## Work required:
In the listing below, the lines starting at the line with "1902 Győr, Püspöki" and ending at the line with "1837 SEATED LIBERTY" are to be output verbatim. Images stay out of the copy.

[Opening Material for the task section]

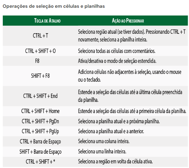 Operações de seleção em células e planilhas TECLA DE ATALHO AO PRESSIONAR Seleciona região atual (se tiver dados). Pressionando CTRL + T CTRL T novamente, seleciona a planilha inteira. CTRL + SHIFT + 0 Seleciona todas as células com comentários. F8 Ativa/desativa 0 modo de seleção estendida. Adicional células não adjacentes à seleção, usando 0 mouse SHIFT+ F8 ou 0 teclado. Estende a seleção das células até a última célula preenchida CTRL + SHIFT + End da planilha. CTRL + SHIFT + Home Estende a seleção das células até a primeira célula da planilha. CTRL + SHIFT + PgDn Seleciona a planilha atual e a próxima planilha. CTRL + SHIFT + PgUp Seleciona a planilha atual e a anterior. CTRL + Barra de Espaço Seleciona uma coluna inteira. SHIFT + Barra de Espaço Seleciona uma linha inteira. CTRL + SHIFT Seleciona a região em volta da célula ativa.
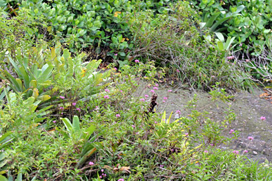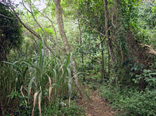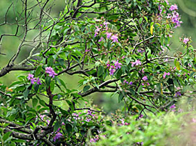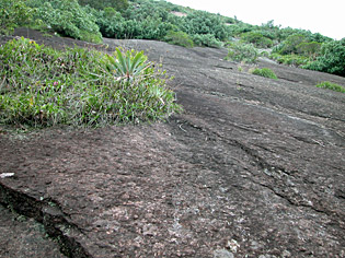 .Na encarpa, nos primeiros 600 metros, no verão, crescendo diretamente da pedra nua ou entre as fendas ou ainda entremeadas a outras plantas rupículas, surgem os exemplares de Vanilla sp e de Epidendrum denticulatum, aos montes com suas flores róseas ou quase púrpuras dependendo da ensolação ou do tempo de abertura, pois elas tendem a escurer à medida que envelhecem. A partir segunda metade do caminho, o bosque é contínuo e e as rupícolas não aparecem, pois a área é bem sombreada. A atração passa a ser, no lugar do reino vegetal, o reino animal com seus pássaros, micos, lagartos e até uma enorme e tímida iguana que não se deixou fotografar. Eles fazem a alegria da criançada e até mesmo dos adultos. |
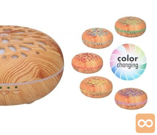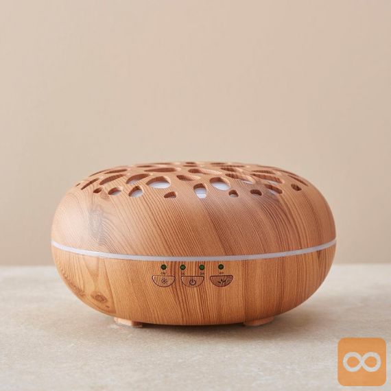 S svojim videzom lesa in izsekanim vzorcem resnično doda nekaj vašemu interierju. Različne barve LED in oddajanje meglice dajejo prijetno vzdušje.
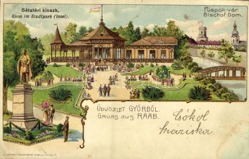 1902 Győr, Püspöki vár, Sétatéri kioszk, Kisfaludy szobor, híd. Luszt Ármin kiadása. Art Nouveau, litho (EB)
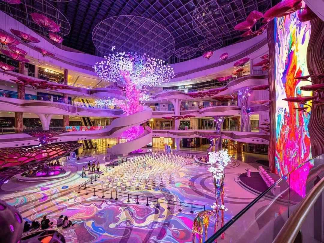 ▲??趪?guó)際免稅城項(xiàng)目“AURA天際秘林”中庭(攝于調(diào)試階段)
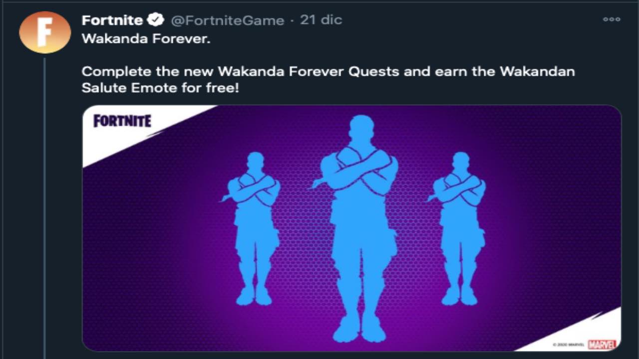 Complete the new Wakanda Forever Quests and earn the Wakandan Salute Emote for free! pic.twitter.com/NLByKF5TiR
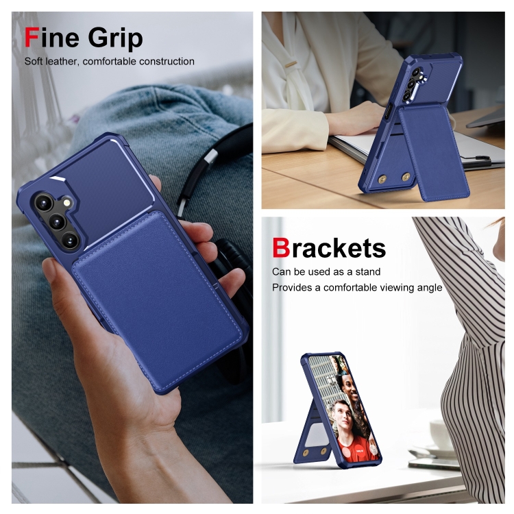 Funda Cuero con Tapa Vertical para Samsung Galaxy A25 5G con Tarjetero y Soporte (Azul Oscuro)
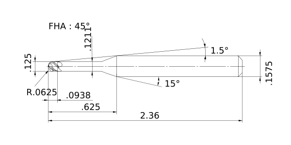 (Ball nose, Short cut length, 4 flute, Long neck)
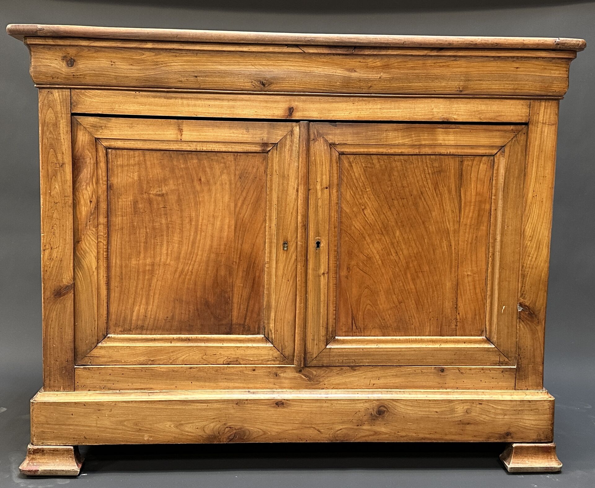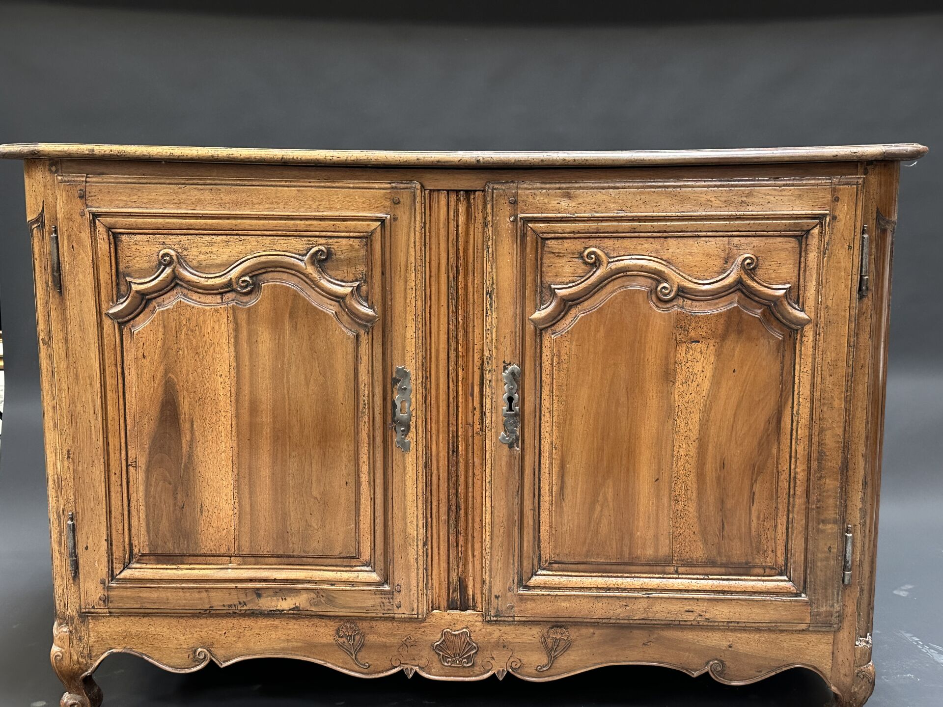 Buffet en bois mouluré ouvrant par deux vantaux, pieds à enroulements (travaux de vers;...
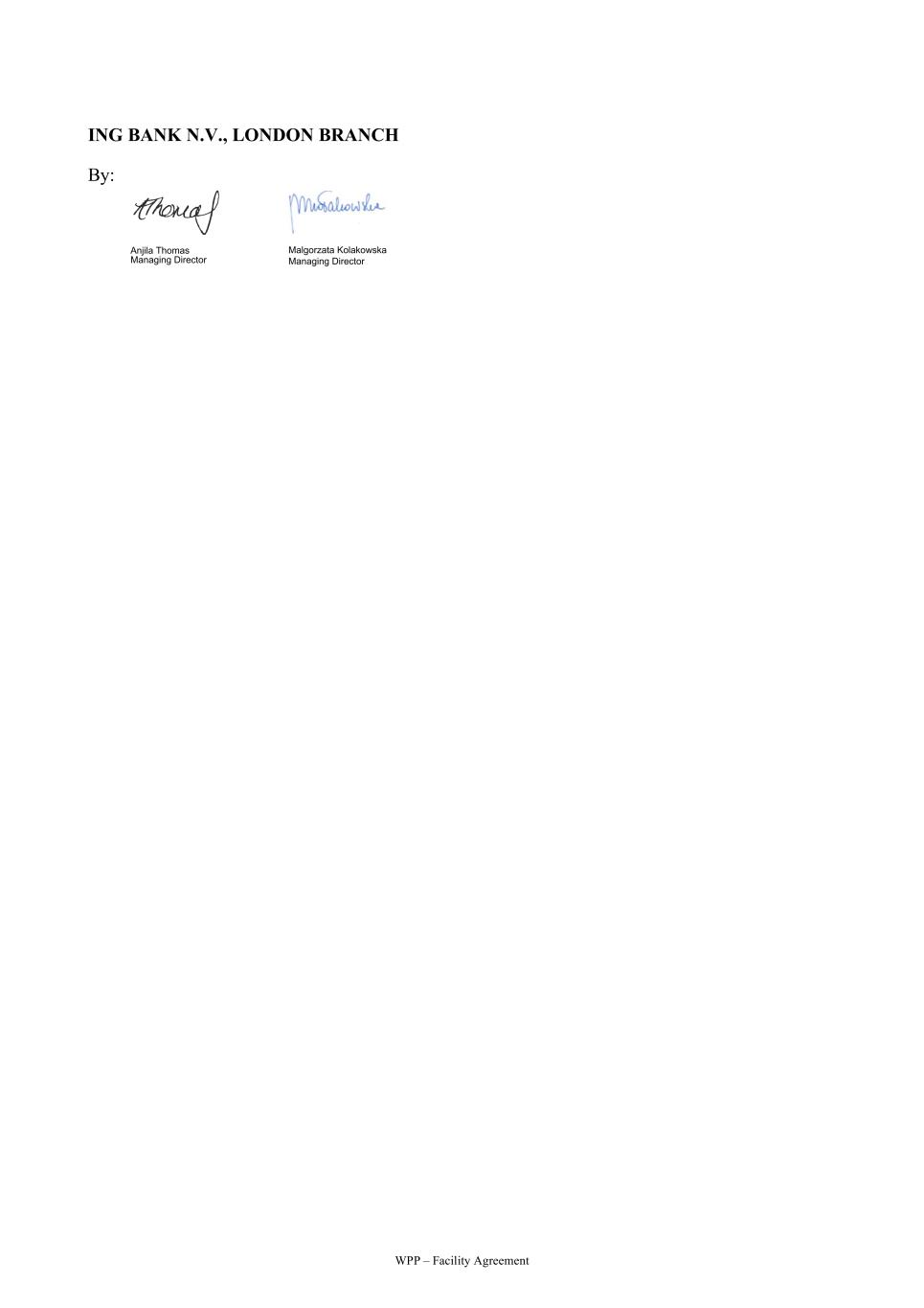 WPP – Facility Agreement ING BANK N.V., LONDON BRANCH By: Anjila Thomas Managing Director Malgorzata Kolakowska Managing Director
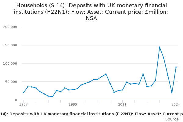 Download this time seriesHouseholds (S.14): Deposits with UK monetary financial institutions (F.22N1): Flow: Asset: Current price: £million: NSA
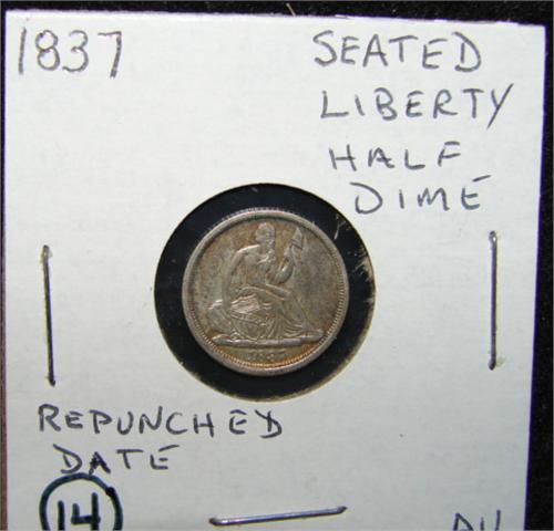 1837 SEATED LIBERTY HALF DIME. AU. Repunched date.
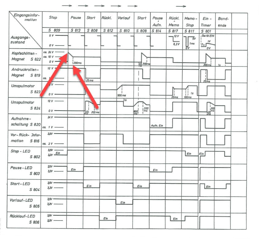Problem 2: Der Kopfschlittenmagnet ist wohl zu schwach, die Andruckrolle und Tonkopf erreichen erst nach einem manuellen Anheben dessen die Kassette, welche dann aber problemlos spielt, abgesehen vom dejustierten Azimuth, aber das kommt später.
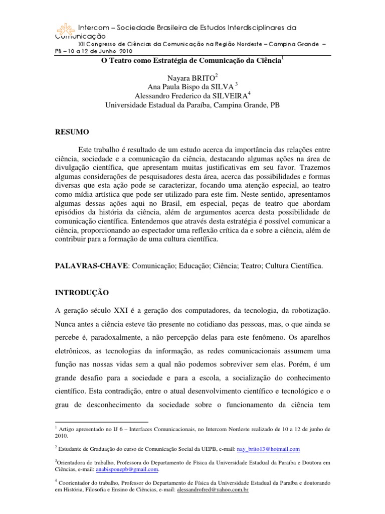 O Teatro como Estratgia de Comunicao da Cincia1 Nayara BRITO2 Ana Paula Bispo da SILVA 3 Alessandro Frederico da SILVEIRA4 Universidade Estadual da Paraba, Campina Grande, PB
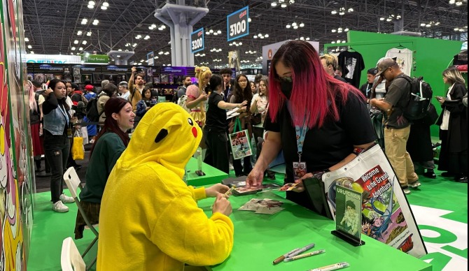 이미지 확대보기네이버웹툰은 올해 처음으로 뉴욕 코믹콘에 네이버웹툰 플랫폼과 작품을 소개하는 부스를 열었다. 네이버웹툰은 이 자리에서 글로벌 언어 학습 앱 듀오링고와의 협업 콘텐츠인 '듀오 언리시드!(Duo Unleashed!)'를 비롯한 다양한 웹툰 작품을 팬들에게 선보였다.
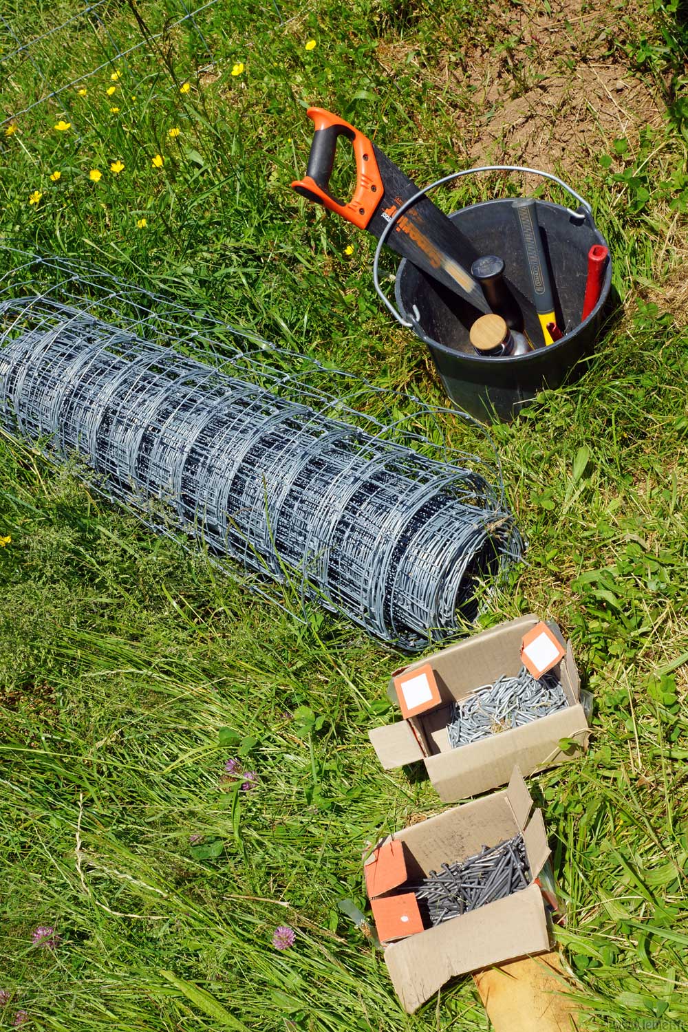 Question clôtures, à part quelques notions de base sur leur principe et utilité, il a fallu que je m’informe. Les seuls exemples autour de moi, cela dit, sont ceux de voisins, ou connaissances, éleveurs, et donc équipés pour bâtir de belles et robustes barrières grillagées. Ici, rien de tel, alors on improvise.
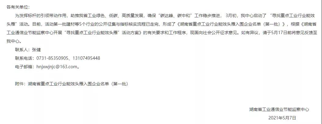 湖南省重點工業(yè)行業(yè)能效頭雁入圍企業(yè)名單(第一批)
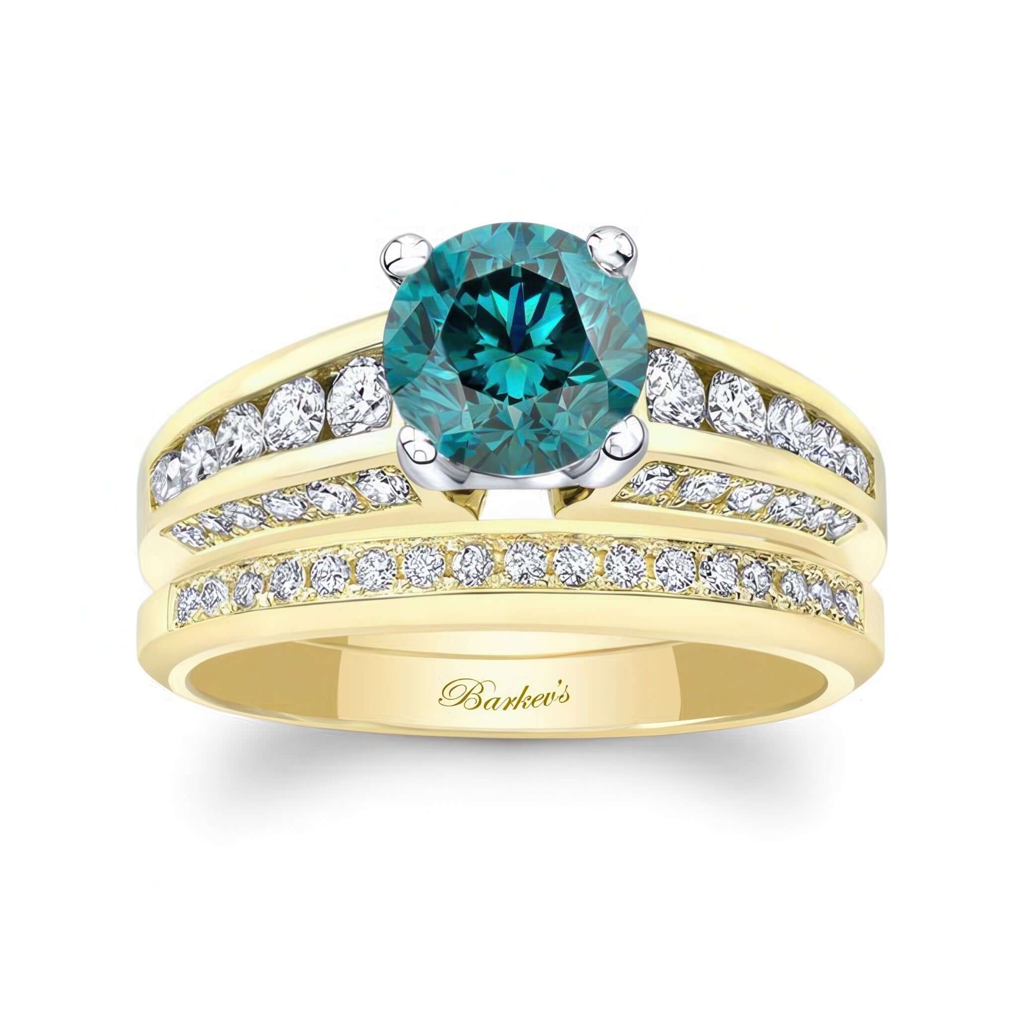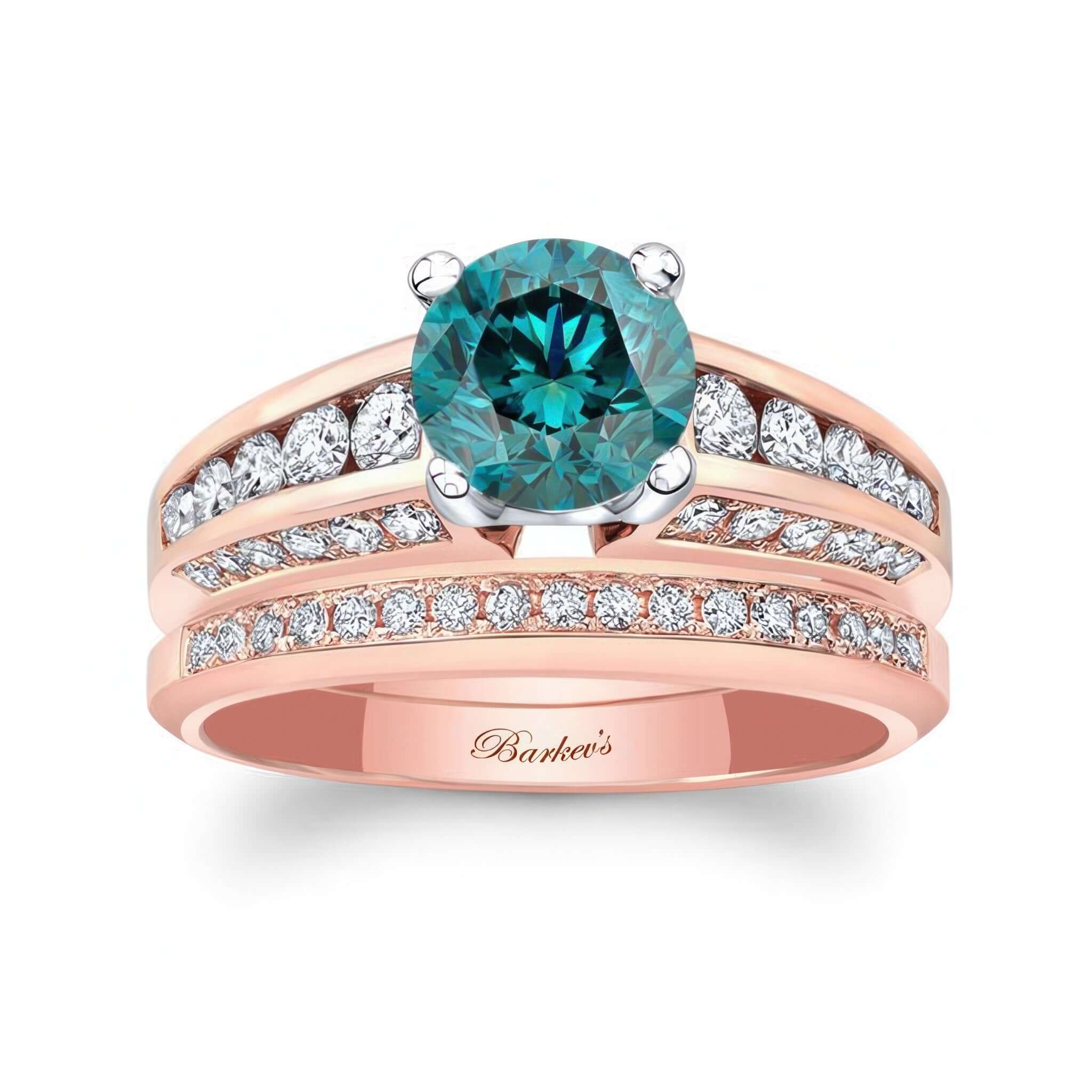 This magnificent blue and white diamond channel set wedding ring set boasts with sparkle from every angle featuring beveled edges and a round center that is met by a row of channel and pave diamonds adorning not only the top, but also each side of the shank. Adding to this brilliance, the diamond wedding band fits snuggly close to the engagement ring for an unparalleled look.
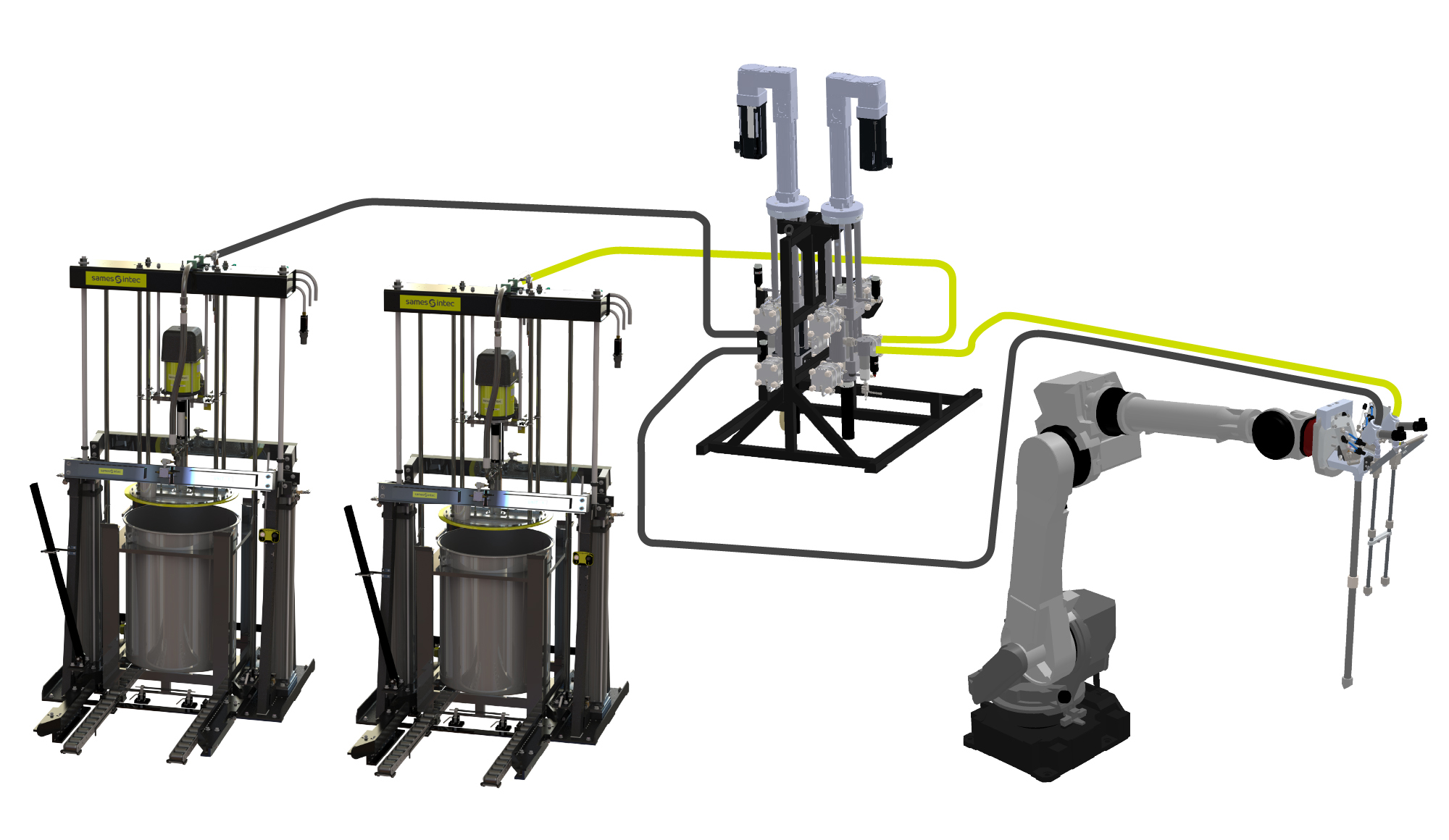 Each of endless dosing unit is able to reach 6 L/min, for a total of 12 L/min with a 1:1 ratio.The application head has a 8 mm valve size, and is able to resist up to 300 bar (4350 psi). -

[Closing Material for the task section]

## Output of the task:
 1902 Győr, Püspöki vár, Sétatéri kioszk, Kisfaludy szobor, híd. Luszt Ármin kiadása. Art Nouveau, litho (EB)
 ▲??趪?guó)際免稅城項(xiàng)目“AURA天際秘林”中庭(攝于調(diào)試階段)
 Complete the new Wakanda Forever Quests and earn the Wakandan Salute Emote for free! pic.twitter.com/NLByKF5TiR
 Funda Cuero con Tapa Vertical para Samsung Galaxy A25 5G con Tarjetero y Soporte (Azul Oscuro)
 (Ball nose, Short cut length, 4 flute, Long neck)
 Buffet en bois mouluré ouvrant par deux vantaux, pieds à enroulements (travaux de vers;...
 WPP – Facility Agreement ING BANK N.V., LONDON BRANCH By: Anjila Thomas Managing Director Malgorzata Kolakowska Managing Director
 Download this time seriesHouseholds (S.14): Deposits with UK monetary financial institutions (F.22N1): Flow: Asset: Current price: £million: NSA
 1837 SEATED LIBERTY HALF DIME. AU. Repunched date.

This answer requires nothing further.